Fernando Alonso has added his voice to the 'spec engine' row bubbling under in Formula One, threatening to walk away from the sport if it went down that particular route.

While little has been heard of FIA president Max Mosley's plans to investigate the possibility of all teams running the same engine in future seasons, Alonso joined several of the major manufacturers involved in F1 - including world champion Ferrari and big spender Toyota - in claiming that altering the fabric of the sport to that degree would be a reason to quit.

Alonso is one of the more bankable stars in the top flight and, like Ferrari, would be something Mosley and commercial guru Bernie Ecclestone would be keen to keep on board for years to come. However, the Spaniard, who claimed back-to-back world titles for the previously unfancied Renault team in 2005-06, admitted that, in his opinion, Formula One was regressing from its supposed position at the head of technological innovation and pure performance.

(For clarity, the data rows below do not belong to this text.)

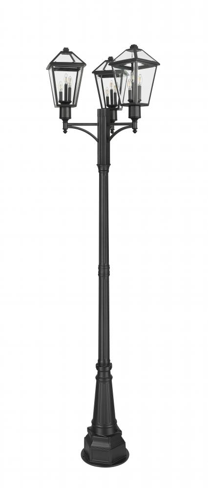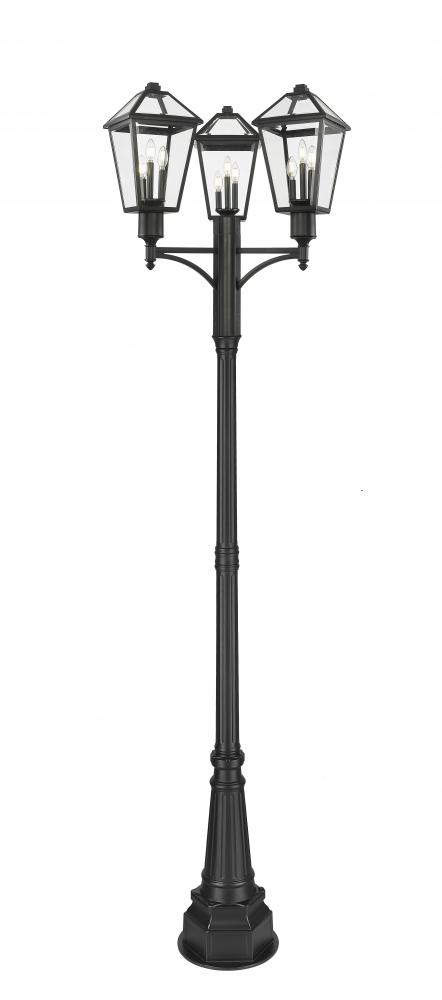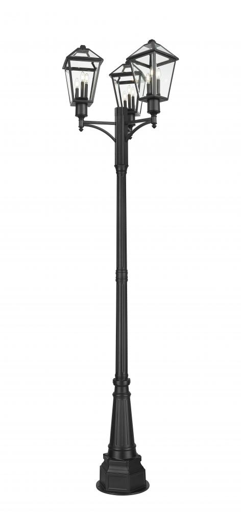 Illuminate an exterior front or back walkway with a classic fixture reflecting a charming village theme. Made from Midnight Black metal and clear beveled glass panels, this three-light outdoor post mount fixture delivers a charming upgrade with industrial-inspired attitude that tops a custom chosen post.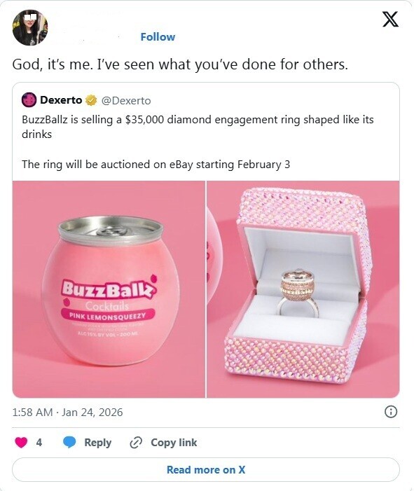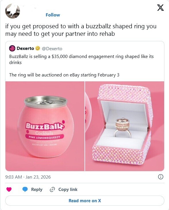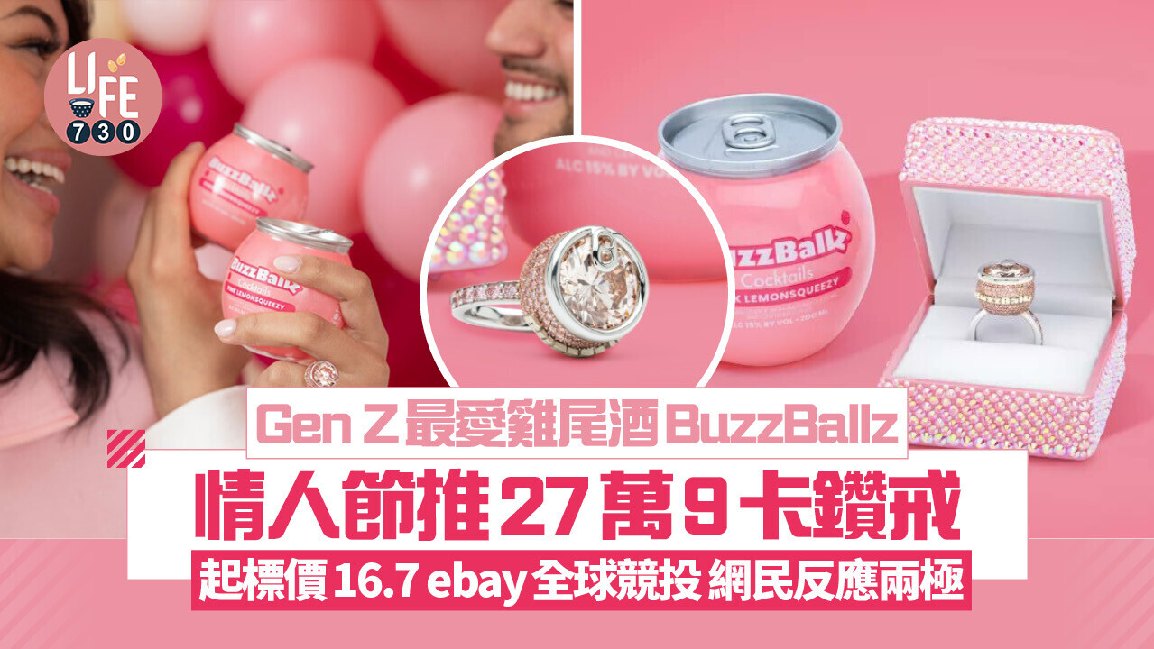 Gen Z最愛雞尾酒BuzzBallz 情人節推27萬9卡鑽戒 起標價16.7 ebay全球競投 網民反應兩極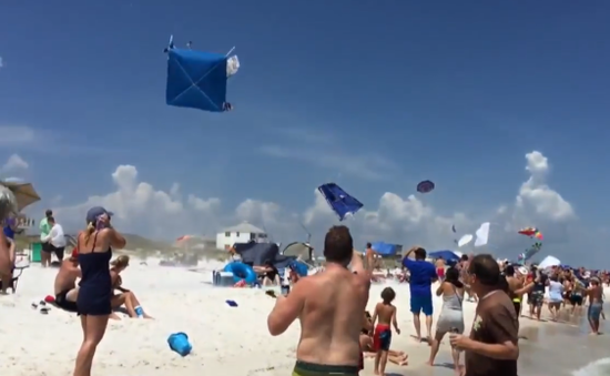 F-18飞行员调皮 超低空飞行吹飞沙滩帐篷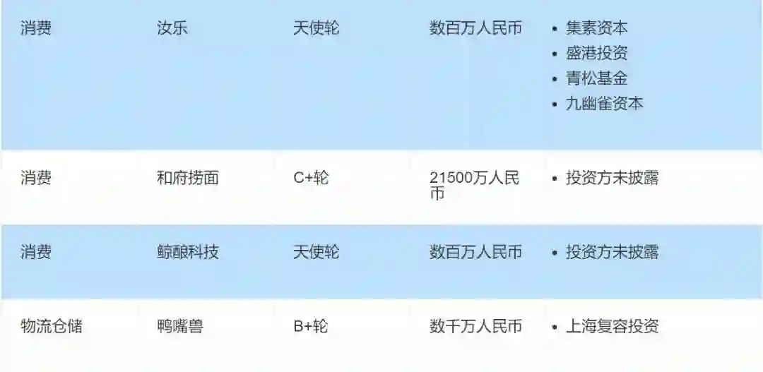 和府捞面完成2.15亿元C+轮融资;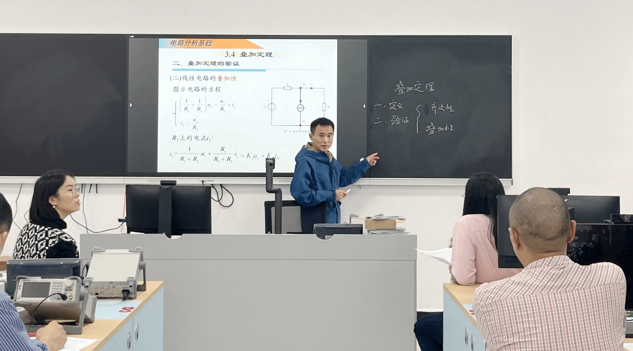 10月30日,第二期主讲人为冯杰老师。冯老师讲授内容——叠加定理,通过提出问题“电路中出现多个电源应如何分析”,引出本次课程内容的重难点叠加定理。教学过程中目标明确、思维清晰,利用multisim仿真软件虚实结合、相互印证,将抽象的理论内容直观地展示出来。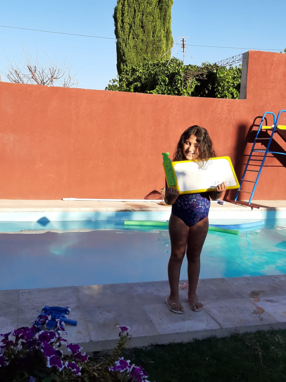 Zoe sorrentino, de 7 años, recibió una malla y una pizarra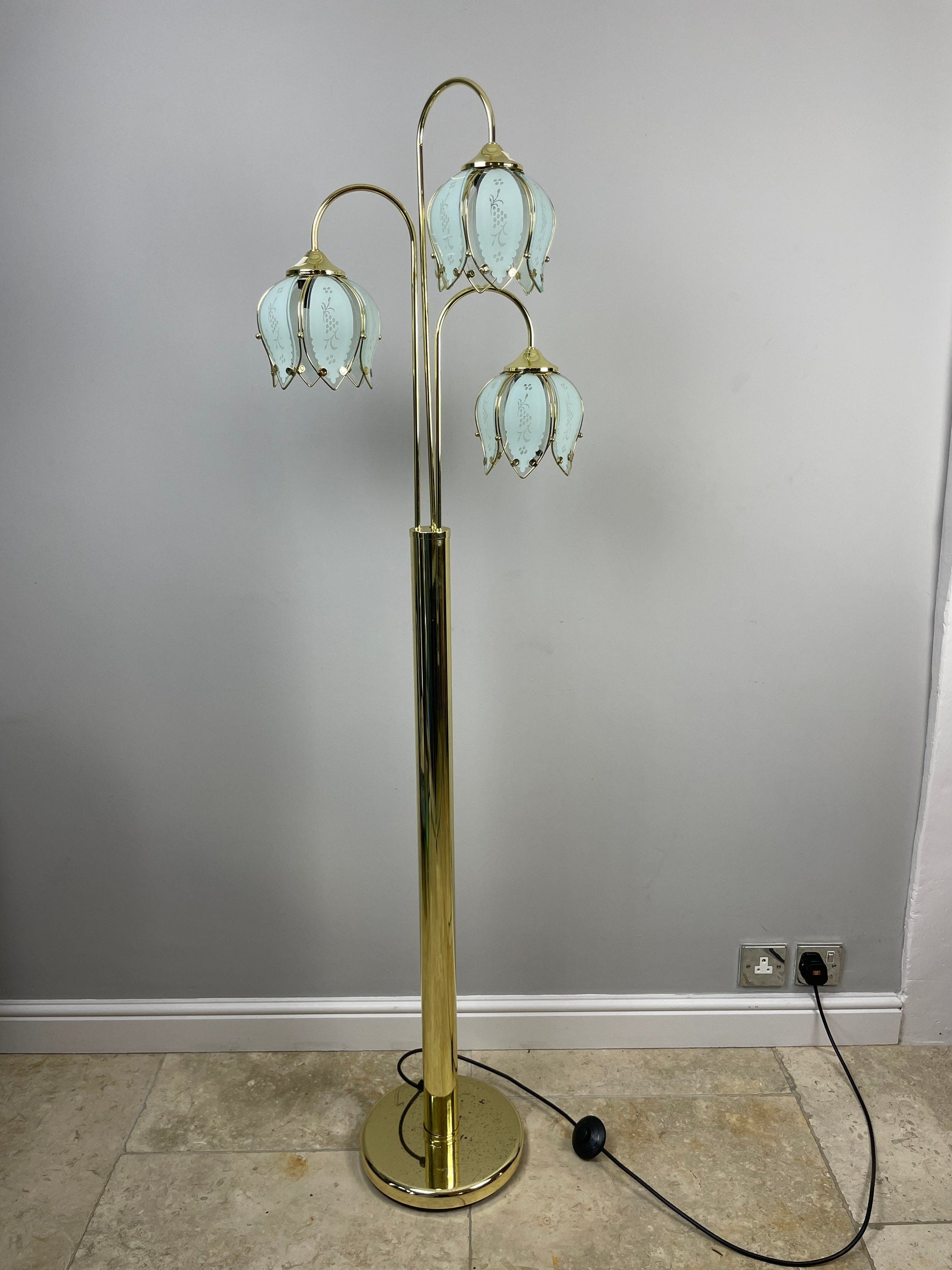 Reserved for Ashley **** Italian Vintage Hollywood Regency mid century White Flower brass floor lamp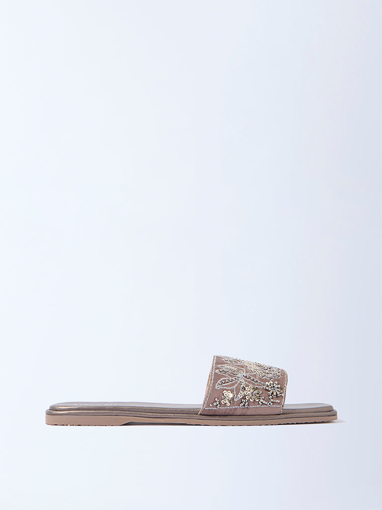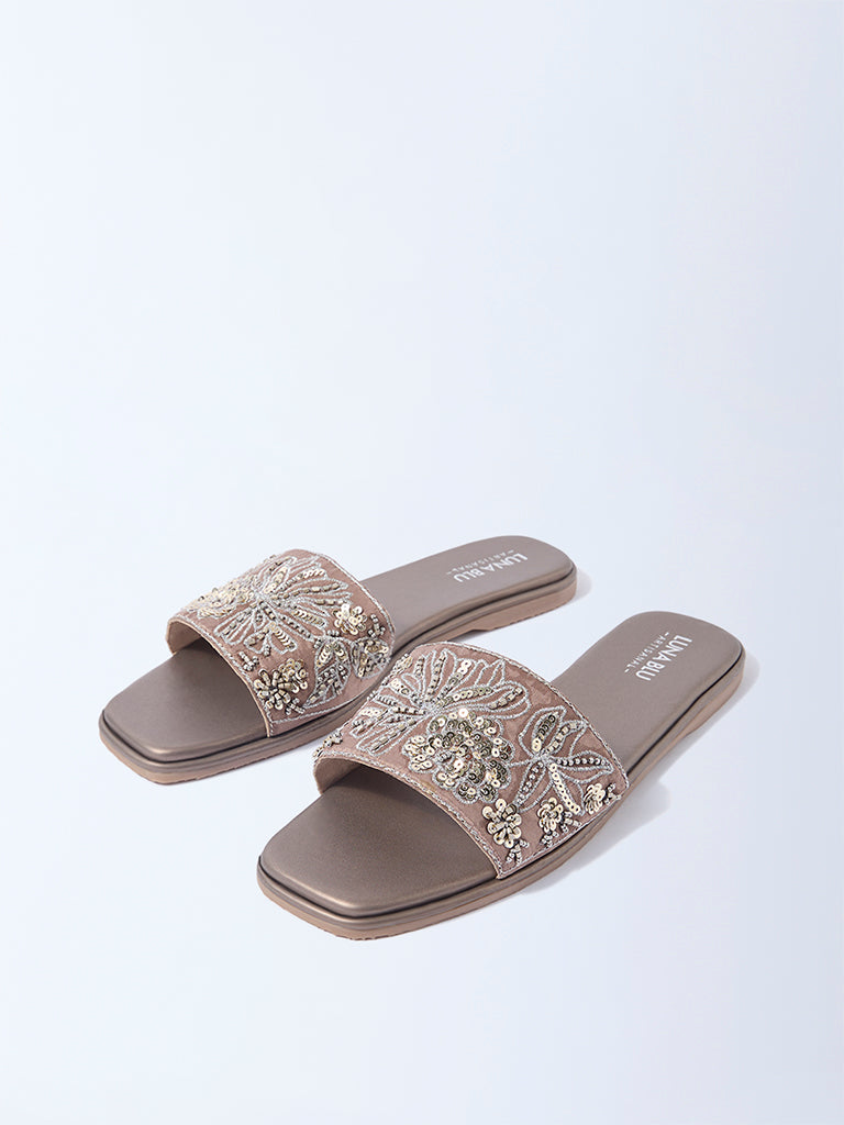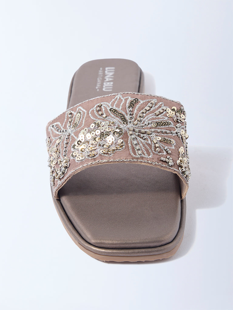 Add instant sparkle to your festive looks with these grey slides from Luna Blu. The sequin-embellished wide strap captures attention while the open-toe silhouette rests on a padded footbed for all-day comfort. A textured outsole ensures steady steps. making this pair perfect for adding a touch of glamour to special occasions.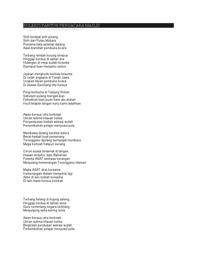 Contoh Pantun Pembuka Bicara Contoh Soal Dan Materi Pelajaran 3 from 0.academia-photos.com Majlis perasmian penutup penyampaian hadiah robotik majlis perasmian penutup & penyampaian hadiah pertandingan robotik kolej vokasional/ smt zon negeri sembilan dan melaka tahun 2013 ***** pengumuman ketibaan. Teksjuruacara sambutan maulidur rasulperingkat sekolah bechah durian, pasir mas, kelantan tahun 2012 15 februari 2012 oleh : Contoh pantun pisang emas dibawa belayar masak sebiji diatas peti, hutang emas boleh dibayar,. Teks ucapan pengacara majlis penutup kursus dev gaol. Kembara amira bab 11 (the unpleasant impression) jati diri menerusi bahasa kebangsaan (de jure iden. Teks pengacara majlis majlis sambutan maulidurras. Teks pengacara majlis pertandingan pantun; Report teks mc pertandingan pantun skbt 2016 please fill this form, we will try to respond as soon as possible.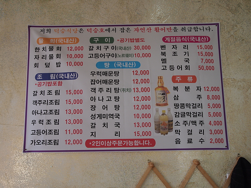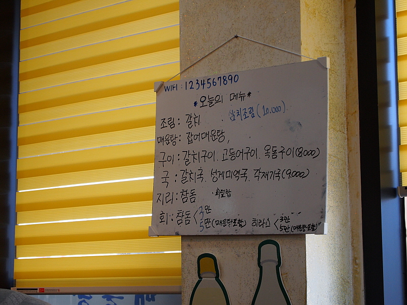 그러다 이집을 발견했다. 주택가 골목 안쪽에 있지만 낮부터 손님들로 북적이는 식당말이다. 덕승식당이라는 이름은 같이 운영한다는 배의 이름과 같은 것이란다. 덕승호에서 잡은 생선과 해물들이 이집에서 손님상에 바로 올라 오는 방식이었다. 나름 서귀포의 덕승그룹인 셈이다. 마치 소흘읍 사무소 앞의 한우고기집이 직접 농장을 운영하는 것과 비슷한 셈이다. 아무튼 여기는 중국인 관광객이 없었다. 분명 내 예상대로 현지 사람들이 즐겨 찾는 그런 집인 셈이다. 우리는 당연히 계획대로 갈치조림을 주문했다. 다른 생선조림과 구이도 있었지만 제주에 온 이유 중에 하나가 갈치조림이었기에 별 다른 망설임이 없었다.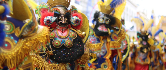 Al ritmo de las coloridas bandas, cerca de 45 miles de danzarines de conjuntos folklóricos entre morenadas, tinkus, caporales, diabladas, pujllay, entre otras danzas, hicieron gala del Carnaval de Oruro, Patrimonio Cultural Inmaterial de la Humanidad.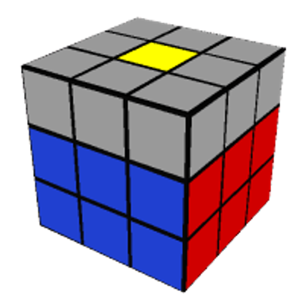 The next step, “F,” stands for “F2L,” or “First Two Layers.” This is the most complicated step, and involves solving the four white corners in conjunction with the entire second layer. When this step is done, only the top layer of the cube will remain unsolved, and will look like the picture above. Believe it or not, the best way to learn this step is to simply try solving it intuitively without memorizing algorithms. This step can be solved simply by playing around with the cube and learning which moves affect what pieces (this is how the world’s fastest speedcubers learned to solve this step). If you’re an absolute beginner though, you may want to check out an online tutorial to help get you started -- I recommend “Badmephisto” and his YouTube videos, which helped me learn to solve this step.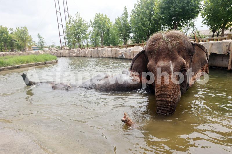 2021年8月12日,在江苏南通市,南通森林野生动物园的亚洲象在戏水。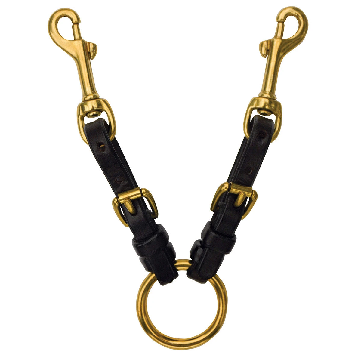 Deluxe Lunging Adapter Strap in dark oil leather enables equal pressure on both sides of the bit while lunging or leading horse. Also great for Sport Horse In Hand classes.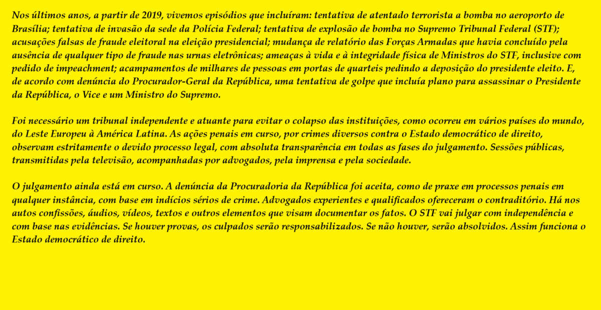“Em 9 de julho último, foram anunciadas sanções que seriam aplicadas ao Brasil, por um tradicional parceiro comercial, fundadas em compreensão imprecisa dos fatos ocorridos no país nos últimos anos. Cabia ao Executivo e, particularmente, à Diplomacia – não ao Judiciário – conduzir as respostas políticas imediatas, ainda no calor dos acontecimentos.”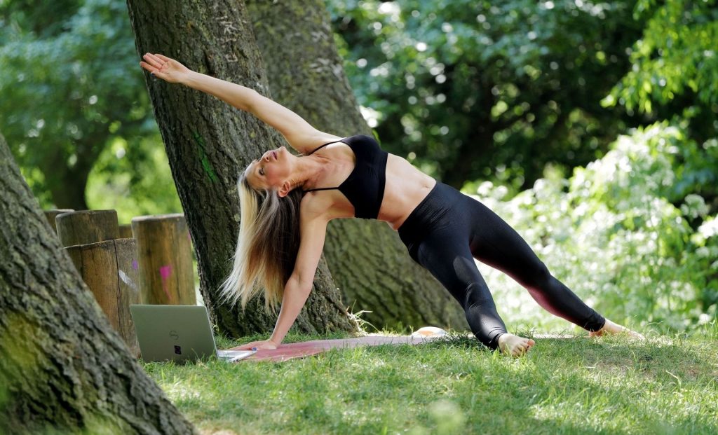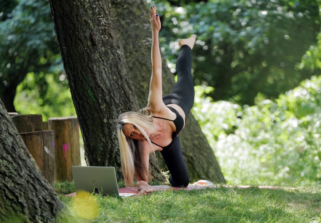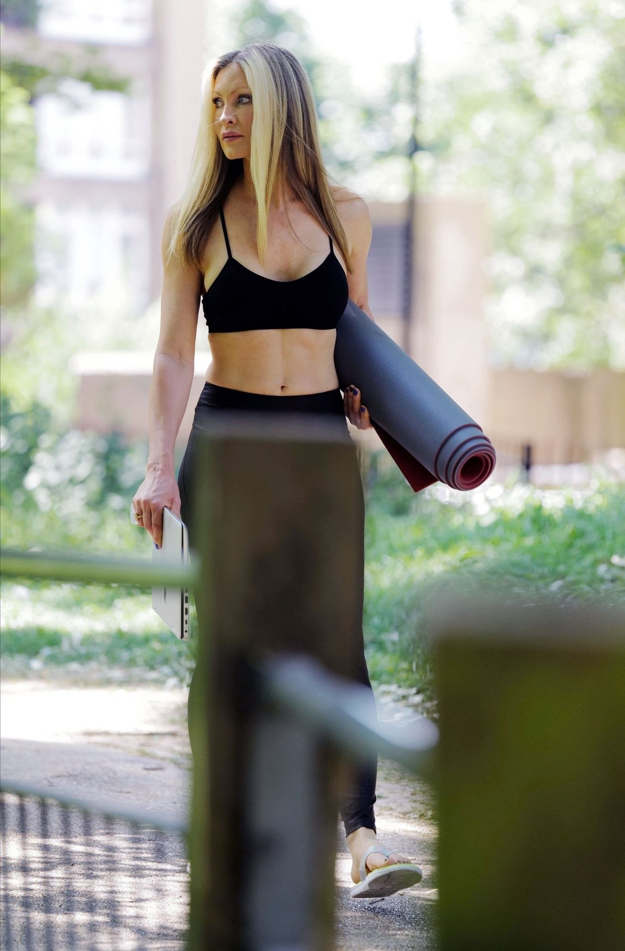 American model Caprice est photographiée en train de diffuser ses cours de yoga en ligne depuis un parc, portant un petit débardeur et des leggings à Londres, 13/06/2020.

"If they approved [the spec engine], it would be the last straw - time to think about retirement," he told reporters at an event organised by sponsor ING, "In 2005, we had a V10 engine with 1000 horsepower, and that was what was exciting for the driver - motor racing at the limit. Now we have gone from the futuristic to cars without grip or electronic aids which look like something from the past. Formula One should be the leader when it comes to technology."

Despite his fears, however, Alonso remains unconvinced that the FIA would push through a rule forcing all teams to use the same powerplant.

"I think it would be the end of Formula One as we know it," he admitted, "but I do not believe that they will carry it out. I think there would only be one type of engine for those teams that cannot manufacture their own [and do not have a manufacturer supply]."

Technical changes are already afoot for 2009, and Alonso is happy to see the return of slick tyres to the top flight, even if he appears less interested by the introduction of KERS - which will be optional next season - or the possibility to adjust the car's aerodynamics from inside the cockpit.

"I think we'll all be starting from scratch with the new tyres, and that can be good for us," he said of the Renault team, with which he signed a two-year extension to his deal last month, "The Bridgestones of the two last years were quite special and there were certain difficulties that we never got on top of as they were very different to the Michelins of 2005 and 2006. That they have is, in itself, already good for me.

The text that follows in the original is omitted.